To test this you can choose the link on the saml-login-server login page that says “Sign in with your organization’s credentials.”  Clicking on that link should do an HTTP redirect, and after the dynamic discovery protocol completes, you’ll be looking at your Shibboleth IdP log in page.  After you fill in your credentials and post the Shibboleth log in form, you’ll be redirected back to the Cloud Foundry log in page, with an opportunity to view your account profile.  If you started the use case by initially visiting an application running within Cloud Foundry, you’ll be redirected back to the application page you requested, with your log in session established.  For my testing I found it convenient to use the example applications found in the UAA samples directory.
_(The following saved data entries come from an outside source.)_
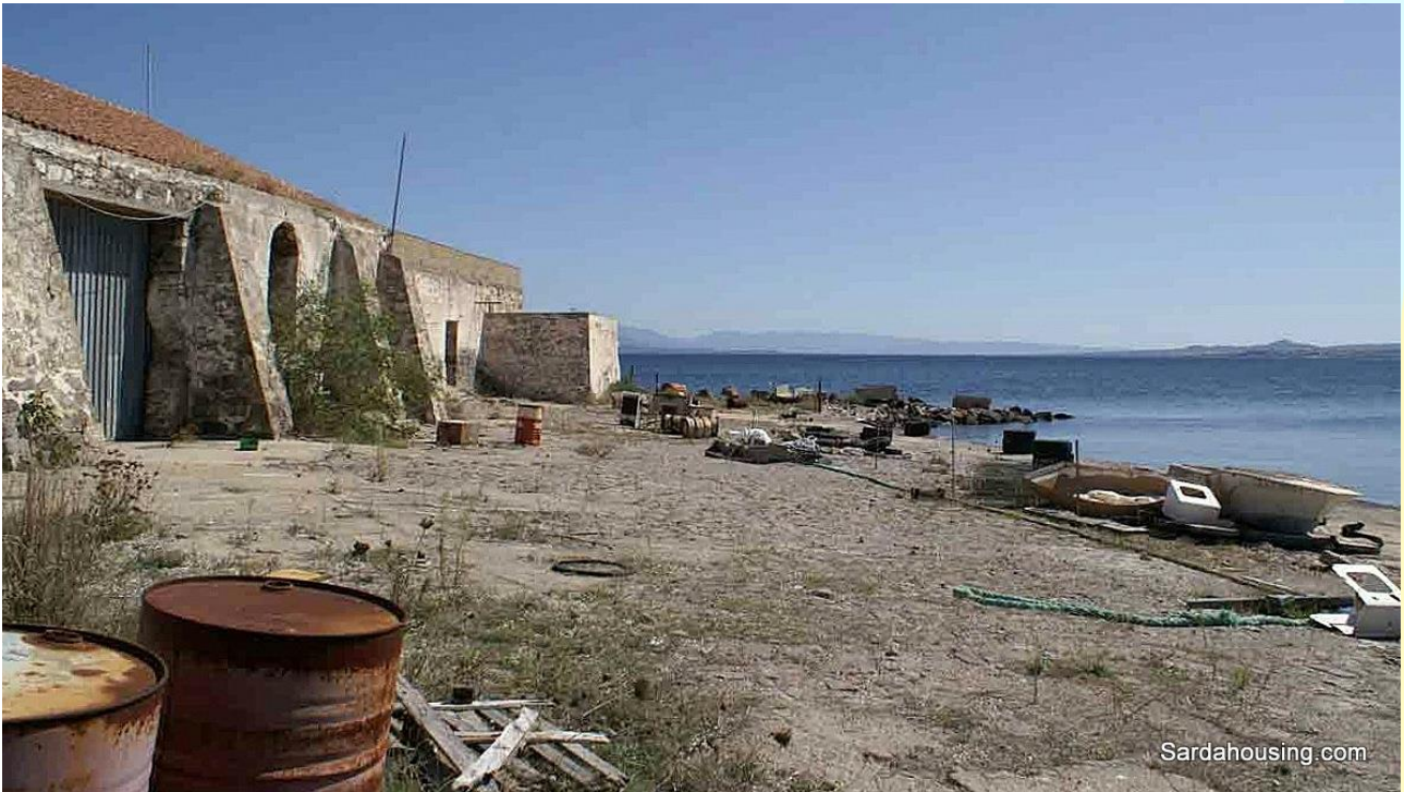
21- Carloforte – Isola S. Pietro – Sea front Buildings Le Colonie (before renovation)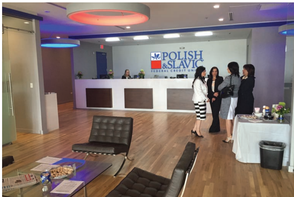
Interior of the PSFCU branch in Schaumburg

The new Schaumburg branch was opened to meet the demand for the Polish financial institution's services in Chicago and environs. It also shows how right the PSFCU management was when it decided that we had to expand the Credit Union's operations outside New York and New Jersey. In keeping with our mission, the Credit Union strives to locate wherever there are Polish population centers in the United States, and through its operations it intends to contribute to strengthening the financial standing and prestige of the Polish American community.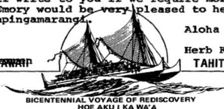
BICENTENNIAL VOYAGE OF REDISCOVERY HOE AKU I KA WA'A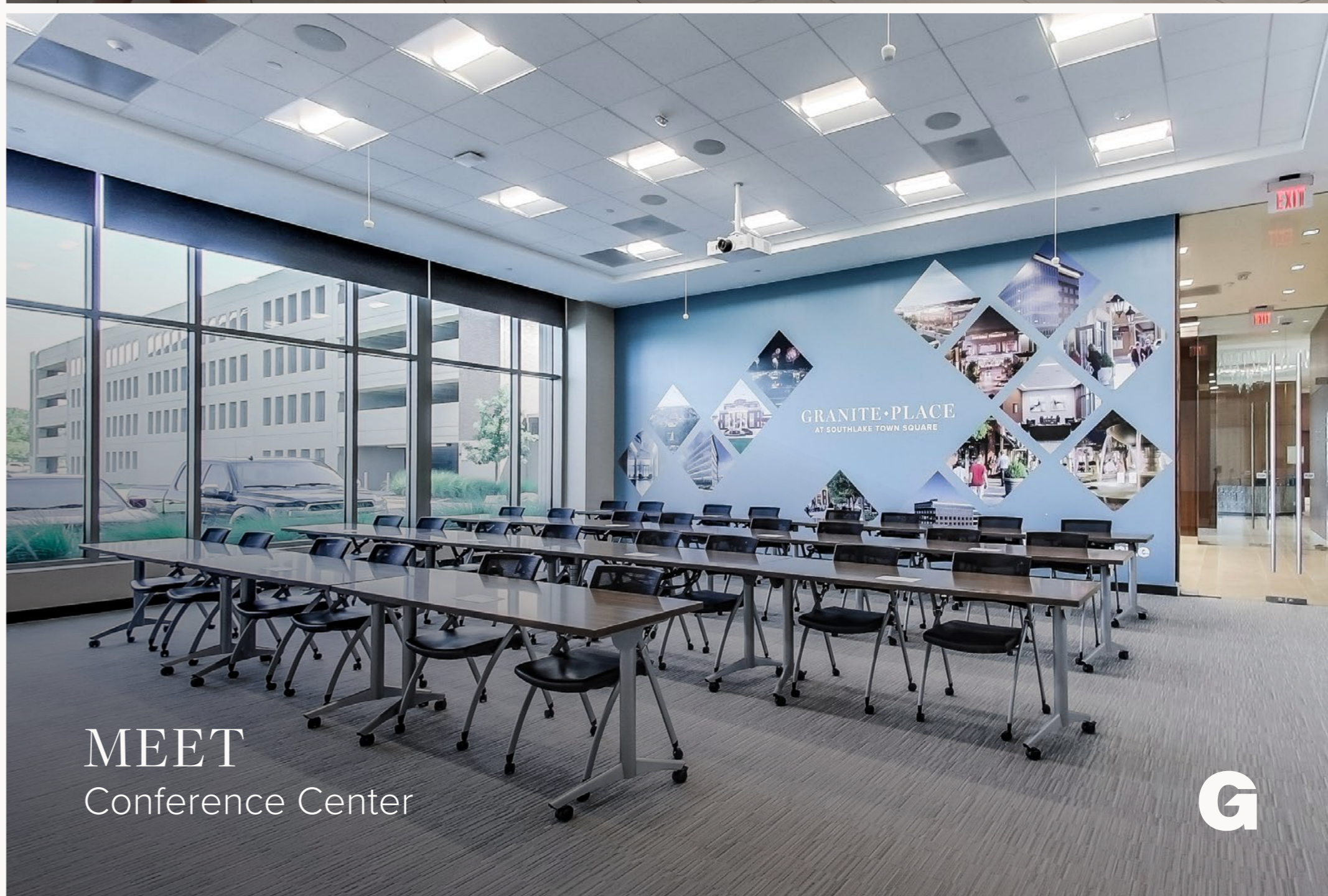
MEET Conference Center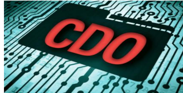
Chief Data Officer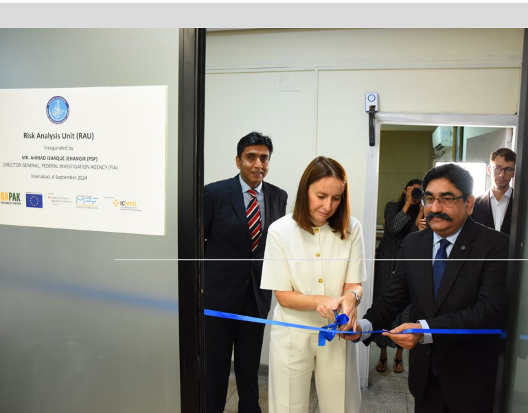
Islamabad, September 2024: Official inauguration of the Risk Analysis Office in the FIA headquarters by the FIA Director General, representatives of the European Union Delegation to Pakistan and ICMPD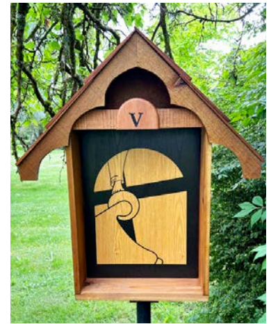
Before and after: Renewed in beauty and detail.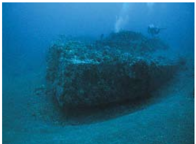
Figure 3: NOAA researchers documenting the bow of the USS Monitor

During 1998 to 2002, NOAA and the US Navy carried out the six-phase plan during a series of large-scale missions to the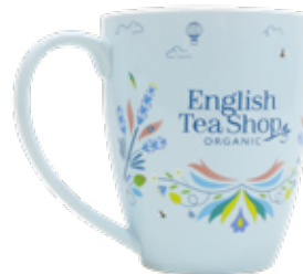
060093 - Printed Tea Mug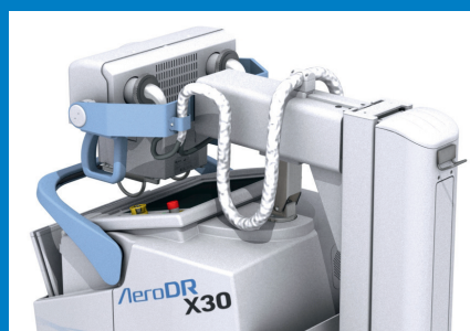
Compact, space saving design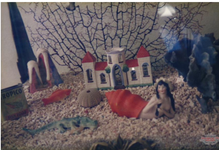
Closeup of an aquarium showing coral sand, a German mermaid in a shell, vintage fish food tin, various aquarium ornaments including a bisque goldfish floater, plus black sea fan and blue coral.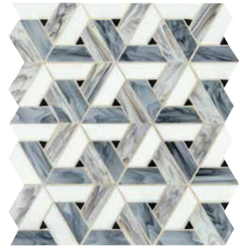
SPECTRA BLUE VF03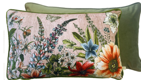
HIDCOTE MANOR ALMA BLUSH 30 x 50 cm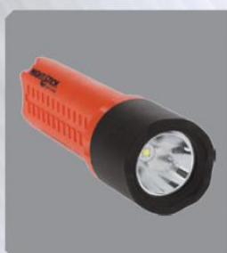
High-efficiency deep parabolic reflector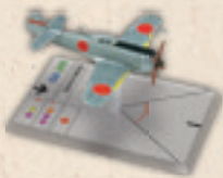
WGS108A NAKAJIMA KI-84 HAYATE (FUJIMOTO)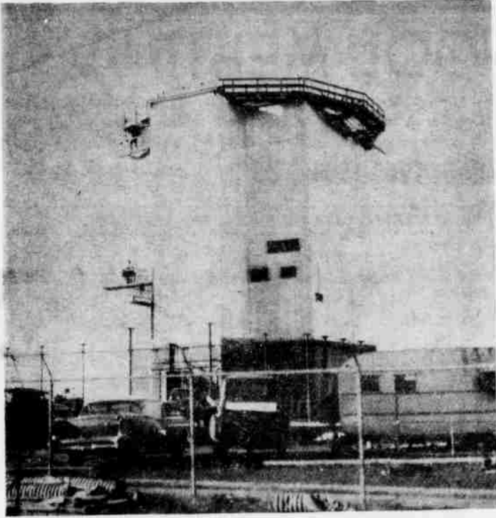
CONSTRUCTION continues on the FPS-27 radar tower at Condon Air Force Station. The tower has reached the fifth floor level which will house the radar antenna in a bubble shaped dome enclosure. The Jen-Mar Construction Company of San Diego, Calif., holds the contract for construction of the tower.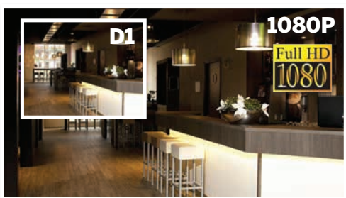
5x Greater Resolution vs D1

Oh, yeah, ….one last thing… A common problem that I’ve encountered in configuring SAML in other situations is that the time of day settings between the IdP and the SP must be synchronized to within a reasonable tolerance, e.g. a few seconds.  In production you are likely using NTP so this wouldn’t be a problem.  However, when doing this in a development environment don’t just assume that you machines have the correct time.   If you see an error indicating that your assertion has (immediately) expired, you’ll know why.